TASK REQUIREMENTS: Find the "Jupiter 2102 - Kroonluchter" line in the records below and repeat it and every later line exactly, up to the last; do not include pictures.

####################

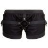 Measurements: Dong measures 7 inches in total length, 6 inches insertable, 1.37 inches at greatest diameter. O-ring measures 2 inches in width. Harness is 31 inches in circumference, unstretched. Materials Leather, metal, rubber, elastic. Color Black. Note includes dildo and harness.
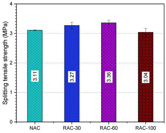 Several studies [19,62,63] show a decrease in splitting tensile strength as the RCA substitution rate increases, with reductions of up to 14% observed in cases of full replacement. In contrast, other research [46,61,64,65] indicates that RAC can achieve splitting tensile strength comparable to, or even exceeding, that of conventional concrete. For instance, Pani et al. [46] found that a 50% substitution rate of RCA optimizes this strength, resulting in a 7% increase compared to the reference concrete. Similarly, Etxeberria et al. [61] observed that full substitution with RCA can enhance splitting tensile strength by 10% compared to conventional concrete.
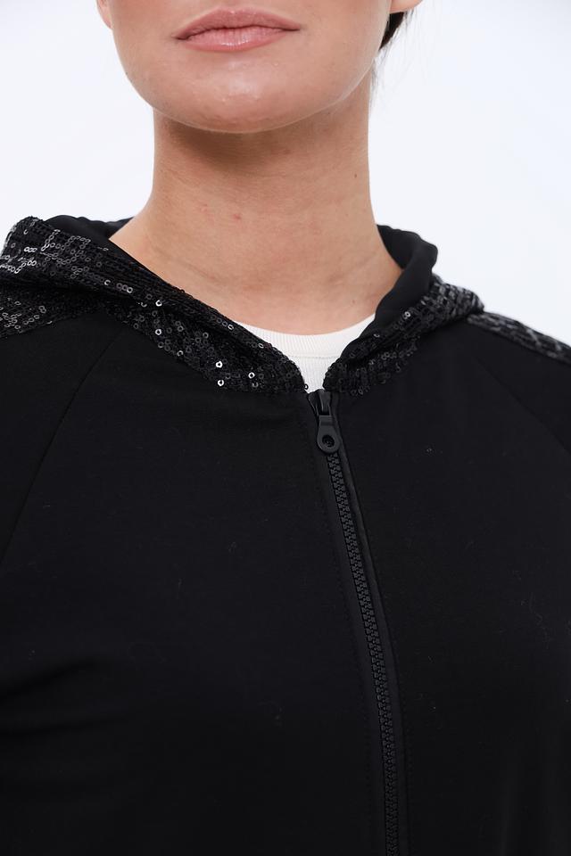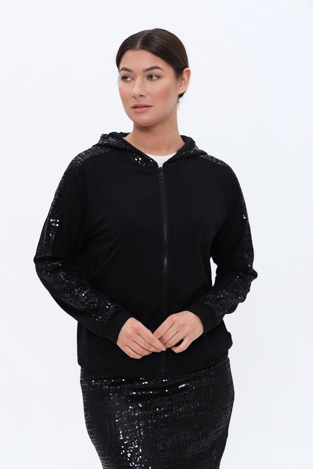 Чёрный жакет Lecomte с пайетками на рукавах – стильное и комфортное решение для создания модных образов. Модель на молнии с капюшоном, выполнена из мягкого трикотажа с добавлением хлопка и модала. Состав: хлопок 47%, модал 47%, эластан 6%
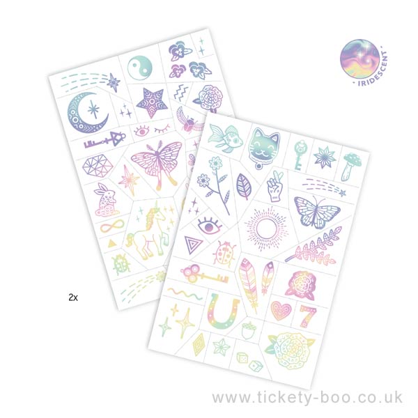 The Djeco tattoos consist of 2 sheets with lots of large and small motifs. The tattoos should be applied directly on the skin with a damp cloth.
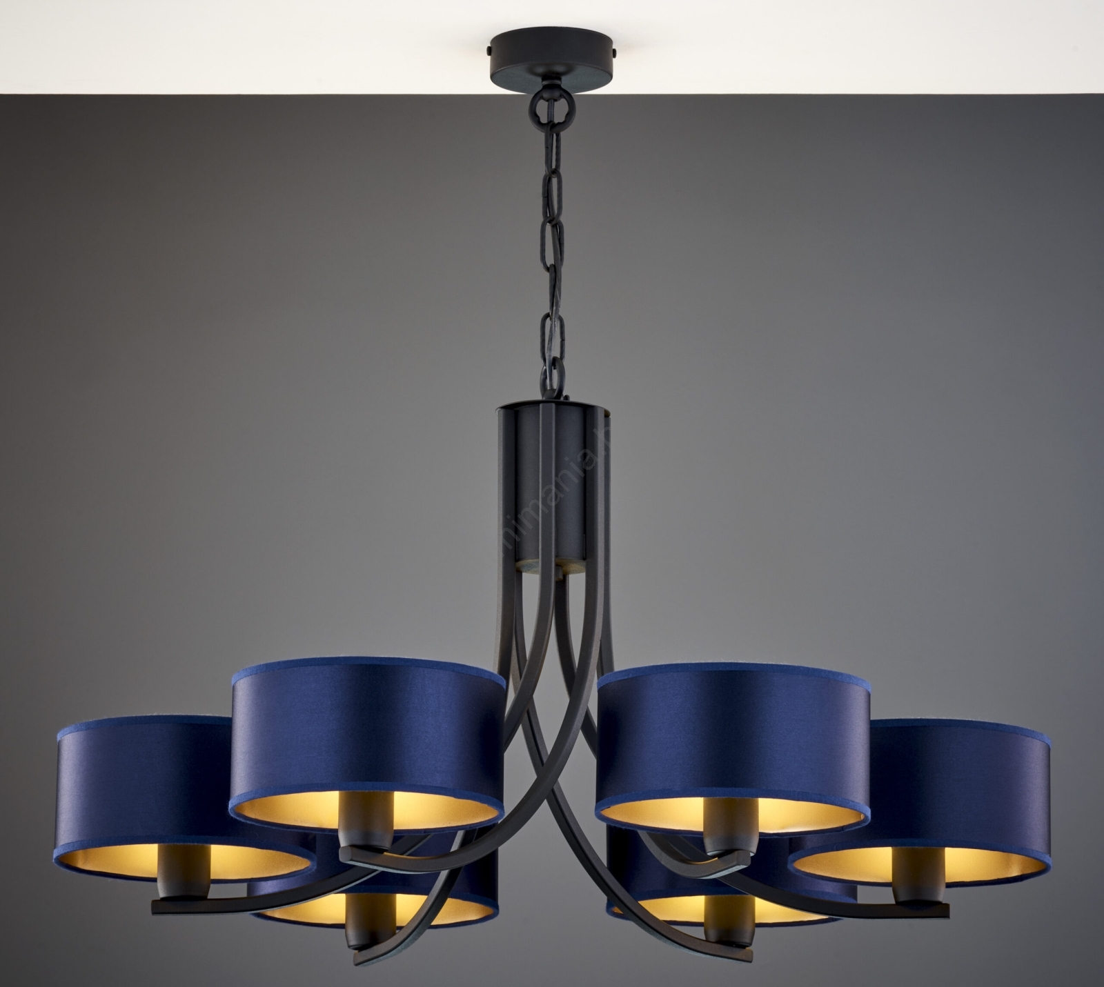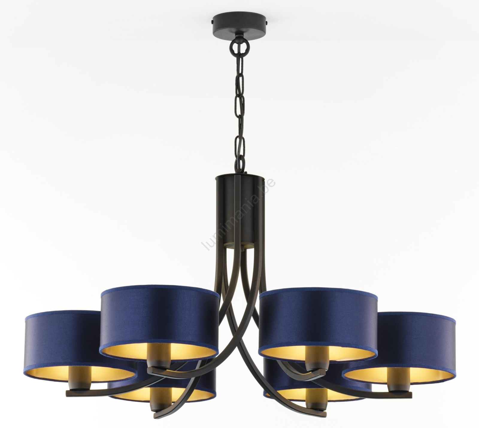 Jupiter 2102 - Kroonluchter met ketting ARTHUR 6xE27/15W/230V blauw/zwart
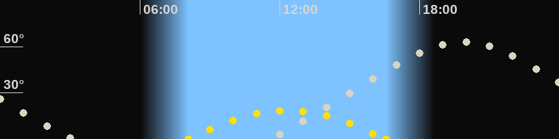 | Höchster Sonnenstand (Kulmination) | 12:20 Uhr (h = 18.6°) |

####################

ANSWER SPACE:
 Jupiter 2102 - Kroonluchter met ketting ARTHUR 6xE27/15W/230V blauw/zwart
 | Höchster Sonnenstand (Kulmination) | 12:20 Uhr (h = 18.6°) |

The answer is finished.